## Exercise brief
Where the records below begin, start copying, and stop after the line that contains "分团委书记赵雪老师以及主席团成员为他们颁奖并合影。"; reproduce every line exactly but omit pictures.

## Records to use
────────────────

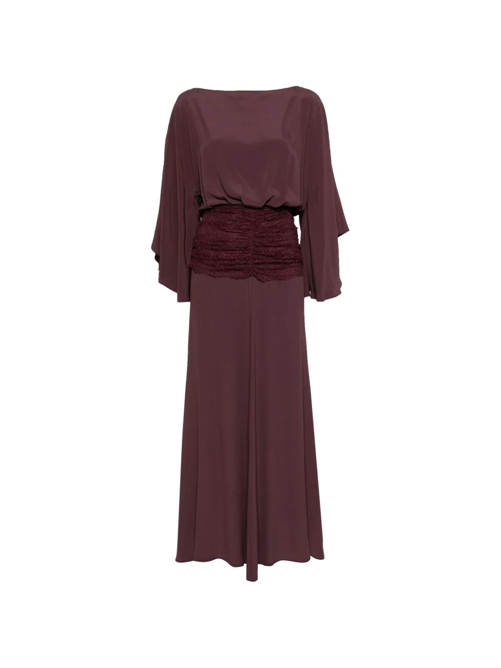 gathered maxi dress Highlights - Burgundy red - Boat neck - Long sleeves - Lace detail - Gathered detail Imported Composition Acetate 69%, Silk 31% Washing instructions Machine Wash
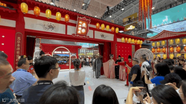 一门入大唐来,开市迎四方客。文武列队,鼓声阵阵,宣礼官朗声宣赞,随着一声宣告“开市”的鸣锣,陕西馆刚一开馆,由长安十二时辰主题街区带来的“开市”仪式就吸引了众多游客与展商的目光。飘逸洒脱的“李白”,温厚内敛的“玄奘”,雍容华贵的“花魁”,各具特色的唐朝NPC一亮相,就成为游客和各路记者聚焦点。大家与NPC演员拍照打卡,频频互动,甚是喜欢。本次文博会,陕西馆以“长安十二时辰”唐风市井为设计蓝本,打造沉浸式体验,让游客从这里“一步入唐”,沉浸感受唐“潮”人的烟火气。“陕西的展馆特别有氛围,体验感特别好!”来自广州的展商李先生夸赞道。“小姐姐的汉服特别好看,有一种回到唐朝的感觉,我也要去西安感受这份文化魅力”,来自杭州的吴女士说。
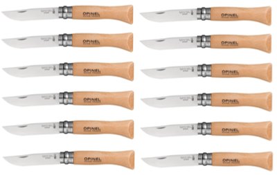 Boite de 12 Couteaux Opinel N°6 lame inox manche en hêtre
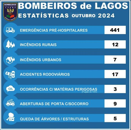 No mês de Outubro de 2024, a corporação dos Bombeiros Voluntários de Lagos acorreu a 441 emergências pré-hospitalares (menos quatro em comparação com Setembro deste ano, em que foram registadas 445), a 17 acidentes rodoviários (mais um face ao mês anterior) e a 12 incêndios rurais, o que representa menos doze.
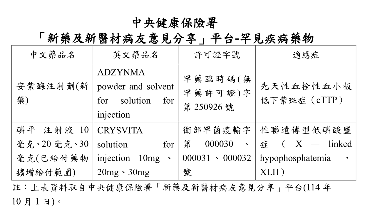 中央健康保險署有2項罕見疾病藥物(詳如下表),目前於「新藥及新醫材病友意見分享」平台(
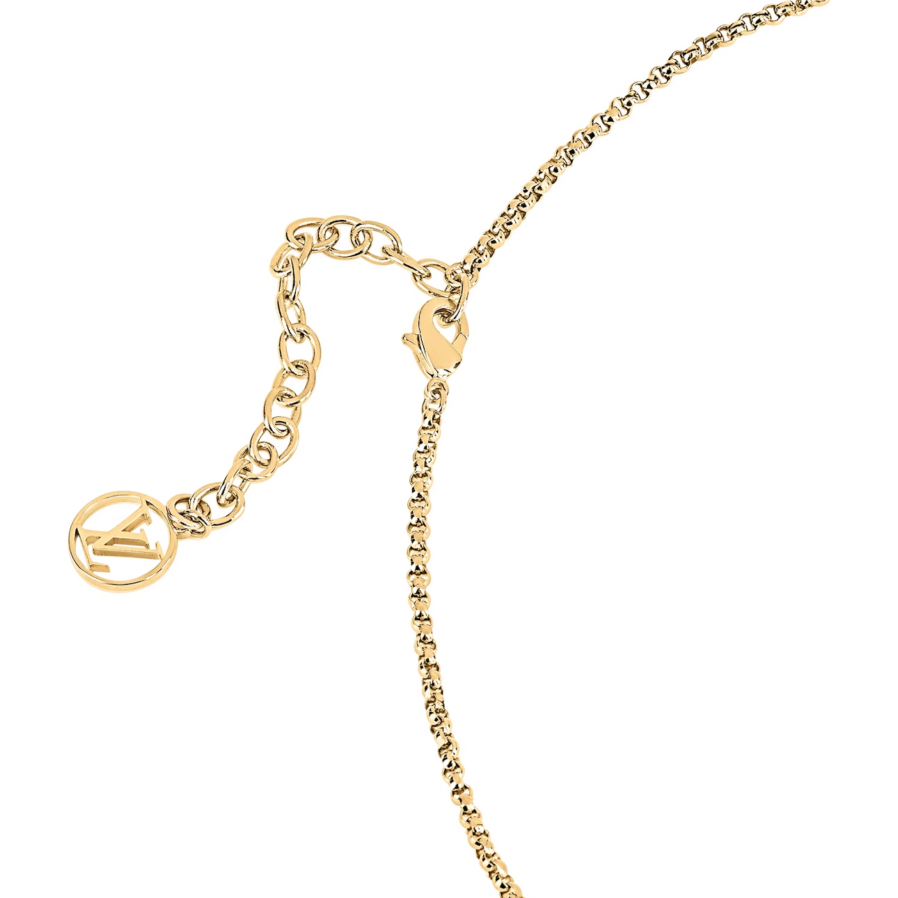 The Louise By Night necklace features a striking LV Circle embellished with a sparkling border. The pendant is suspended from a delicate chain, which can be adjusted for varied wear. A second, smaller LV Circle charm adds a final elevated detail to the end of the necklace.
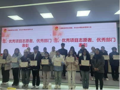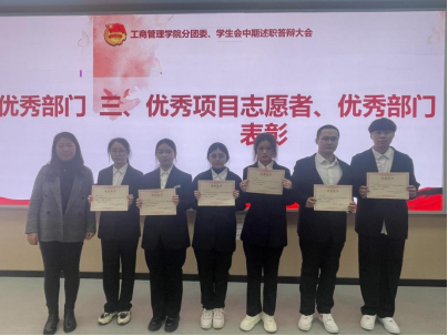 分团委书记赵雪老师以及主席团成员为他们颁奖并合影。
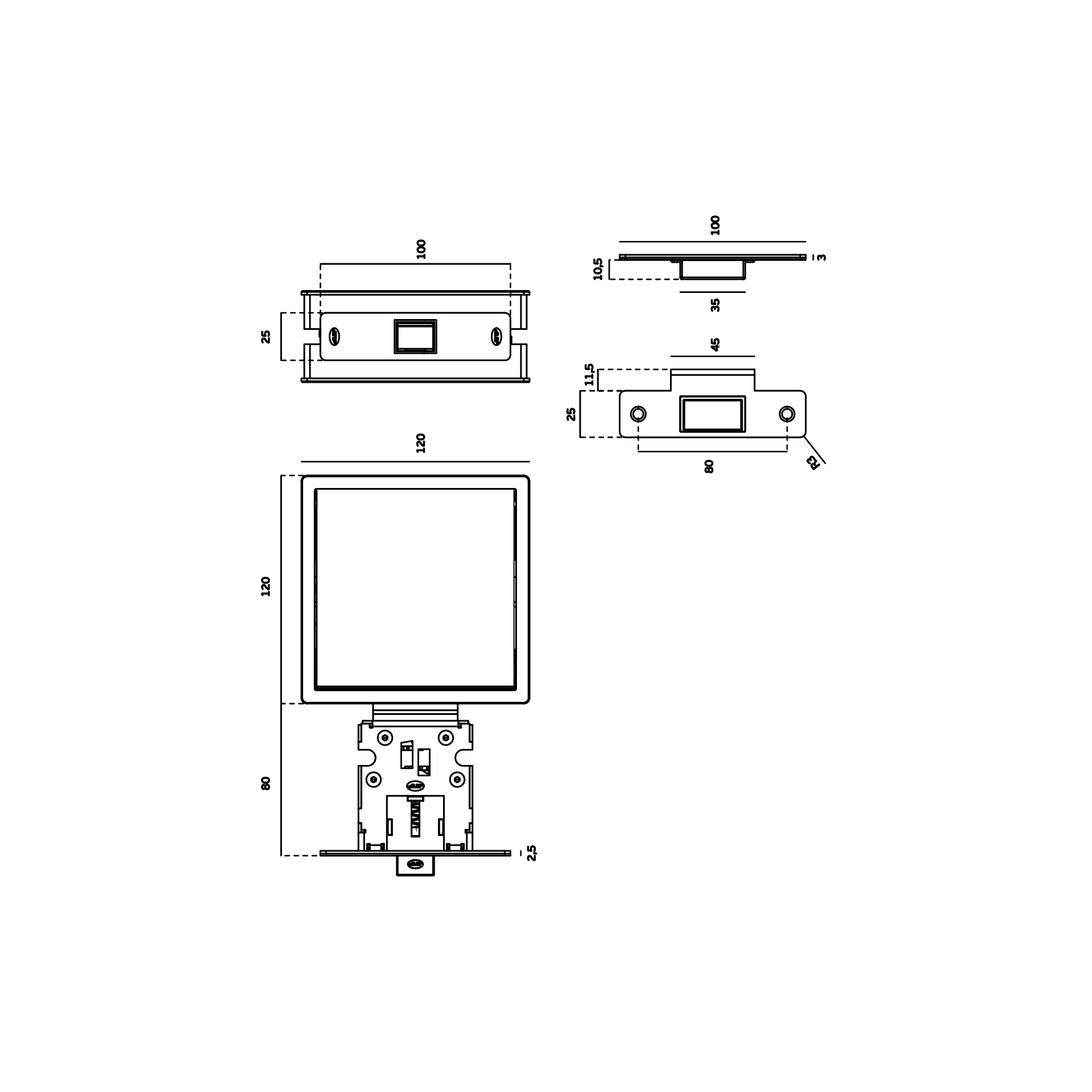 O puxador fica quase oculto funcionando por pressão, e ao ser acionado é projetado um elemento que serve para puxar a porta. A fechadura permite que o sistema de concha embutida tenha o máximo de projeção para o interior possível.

────────────────

## Exercise output
 gathered maxi dress Highlights - Burgundy red - Boat neck - Long sleeves - Lace detail - Gathered detail Imported Composition Acetate 69%, Silk 31% Washing instructions Machine Wash
 一门入大唐来,开市迎四方客。文武列队,鼓声阵阵,宣礼官朗声宣赞,随着一声宣告“开市”的鸣锣,陕西馆刚一开馆,由长安十二时辰主题街区带来的“开市”仪式就吸引了众多游客与展商的目光。飘逸洒脱的“李白”,温厚内敛的“玄奘”,雍容华贵的“花魁”,各具特色的唐朝NPC一亮相,就成为游客和各路记者聚焦点。大家与NPC演员拍照打卡,频频互动,甚是喜欢。本次文博会,陕西馆以“长安十二时辰”唐风市井为设计蓝本,打造沉浸式体验,让游客从这里“一步入唐”,沉浸感受唐“潮”人的烟火气。“陕西的展馆特别有氛围,体验感特别好!”来自广州的展商李先生夸赞道。“小姐姐的汉服特别好看,有一种回到唐朝的感觉,我也要去西安感受这份文化魅力”,来自杭州的吴女士说。
 Boite de 12 Couteaux Opinel N°6 lame inox manche en hêtre
 No mês de Outubro de 2024, a corporação dos Bombeiros Voluntários de Lagos acorreu a 441 emergências pré-hospitalares (menos quatro em comparação com Setembro deste ano, em que foram registadas 445), a 17 acidentes rodoviários (mais um face ao mês anterior) e a 12 incêndios rurais, o que representa menos doze.
 中央健康保險署有2項罕見疾病藥物(詳如下表),目前於「新藥及新醫材病友意見分享」平台(
 The Louise By Night necklace features a striking LV Circle embellished with a sparkling border. The pendant is suspended from a delicate chain, which can be adjusted for varied wear. A second, smaller LV Circle charm adds a final elevated detail to the end of the necklace.
 分团委书记赵雪老师以及主席团成员为他们颁奖并合影。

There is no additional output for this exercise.